If you want this variable treated in the same way a regular factor (so that the estimates are made for differences of groups from the baseline level, i.e. treatment contrasts), you can:
convert back to an unordered factor (e.g. factor(age, ordered=FALSE))
specify that you want to use treatment contrasts in your model (in base R you would specify contrasts = list(age = "contr.treatment"))
set options(contrasts = c(unordered = "contr.treatment", ordered = "contr.treatment")) (the default for ordered is "contr.poly")
If you have an unordered ("regular") factor and the levels are not in the order you want, you can reset the level order by specifying the levels explicitly, e.g.
mutate(across(age, factor,
levels = c("0-10 years", "11-20 years", "21-30 years", "30-40 years")))
R sets the factors in alphabetical order by default, which is sometimes not what you want (but I can't think of a case where the order would be 'random' ...)
The easiest way to remove the odd labelling for the ordered variables, is to remove the ordered class from these factor variables. Example below!
library(gtsummary)
library(tidyverse)
packageVersion("gtsummary")
#> [1] '1.4.2'
publication_dummytable1_sum <-
structure(list(id = 1:10, age = structure(c(3L, 3L, 2L, 3L, 2L,
2L, 2L, 1L, 1L, 1L), .Label = c("c", "b", "a"), class = c("ordered",
"factor")), sex = structure(c(2L, 1L, 2L, 2L, 2L, 1L, 1L, 1L,
1L, 2L), .Label = c("F", "M"), class = "factor"), country = structure(c(1L,
1L, 1L, 1L, 3L, 3L, 3L, 2L, 2L, 2L), .Label = c("eng", "scot",
"wale"), class = "factor"), edu = structure(c(1L, 1L, 1L, 2L,
2L, 2L, 3L, 3L, 3L, 3L), .Label = c("x", "y", "z"), class = "factor"),
lungfunction = c(45L, 23L, 25L, 45L, 70L, 69L, 90L, 50L,
62L, 45L), ivdays = c(15L, 26L, 36L, 34L, 2L, 4L, 5L, 8L,
9L, 15L), no2 = c(40L, 70L, 50L, 60L, 30L, 25L, 80L, 89L,
10L, 40L), pm25 = c(15L, 20L, 36L, 48L, 25L, 36L, 28L, 15L,
25L, 15L)), row.names = c(NA, 10L), class = "data.frame") |>
as_tibble()
# R labels the order factors like this in lm()

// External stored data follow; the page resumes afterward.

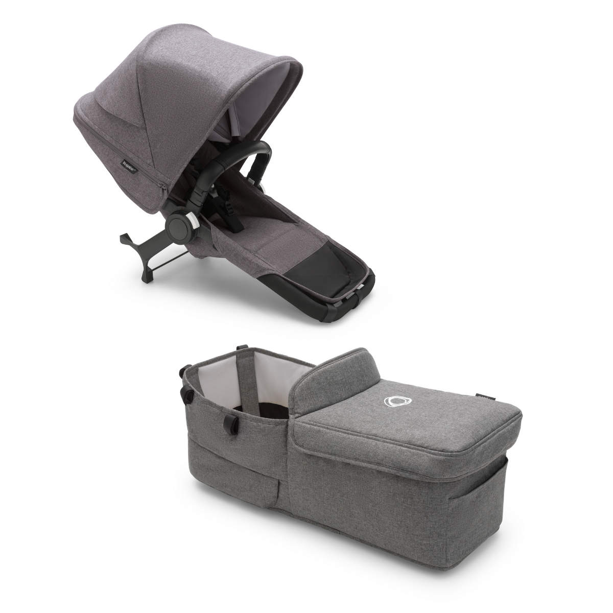 - Kann mittels separat erhältlicher Babywanne oder Sportsitz zum Geschwister- oder Zwillings-Kinderwagen erweitert werden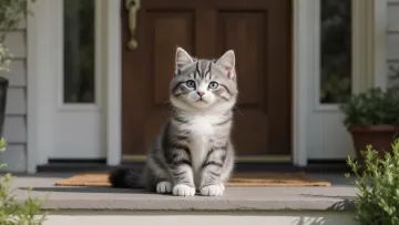 門前小貓把關 引來鄰里微笑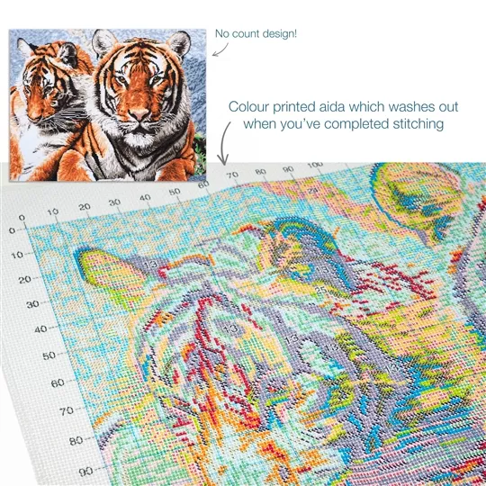 This printed cross stitch design from Trimits, features a pair of tigers at rest, their striking markings are just beautiful.

lm(lungfunction ~ age, publication_dummytable1_sum)
#>
#> Call:
#> lm(formula = lungfunction ~ age, data = publication_dummytable1_sum)
#>
#> Coefficients:
#> (Intercept) age.L age.Q
#> 51.17 -10.37 -15.11
tbl <-
publication_dummytable1_sum %>%
# remove ordered class
mutate(across(where(is.ordered), ~factor(., ordered = FALSE))) %>%
select(sex,age,lungfunction,ivdays) %>%
tbl_uvregression(
method =lm,
y = lungfunction,
pvalue_fun = ~style_pvalue(.x, digits = 3)
)
Created on 2021-07-22 by the reprex package (v2.0.0)
Related
[![enter image description here][2]][2][![i need help in writing gstummary r code to produce following table output.dummy table shown in above table][2]][2]

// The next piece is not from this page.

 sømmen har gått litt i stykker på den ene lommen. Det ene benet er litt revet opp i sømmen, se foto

i need help in writing gstummary r code to produce following table output.dummy table shown in above table
[![enter image description here][2]][2]
library(gtsummary)
[![enter image description here][2]][2]
[![enter image description here][3]][3]
id
age
sex
country
edu
ln
ivds
n2
p5
1
a
M
eng
x
45
15
40
15
2
a
M
eng
x
23
26
70
15
4
a
M
eng
x
26
36
35
40
5
b
F
eng
x
26
25
36
47
6
b
F
wal
y
45
45
60
12
7
b
M
wal
y
60
25
36
15
8
c
M
wal
y
70
08
25
36
9
c
F
sco
z
80
25
36
15
10
c
F
sco
z
90
25
26
39
structure(list(id = 1:15, age = structure(c(1L, 1L, 2L, 1L, 2L,
2L, 2L, 3L, 3L, 3L, 1L, 1L, 2L, 1L, 2L), .Label = c("a", "b",
"c"), class = "factor"), sex = structure(c(2L, 1L, 2L, 2L, 2L,
1L, 1L, 1L, 1L, 2L, 1L, 2L, 2L, 2L, 1L), .Label = c("F", "M"), class = "factor"),
country = structure(c(1L, 1L, 1L, 1L, 3L, 3L, 3L, 2L, 2L,
2L, 1L, 1L, 1L, 1L, 3L), .Label = c("eng", "scot", "wale"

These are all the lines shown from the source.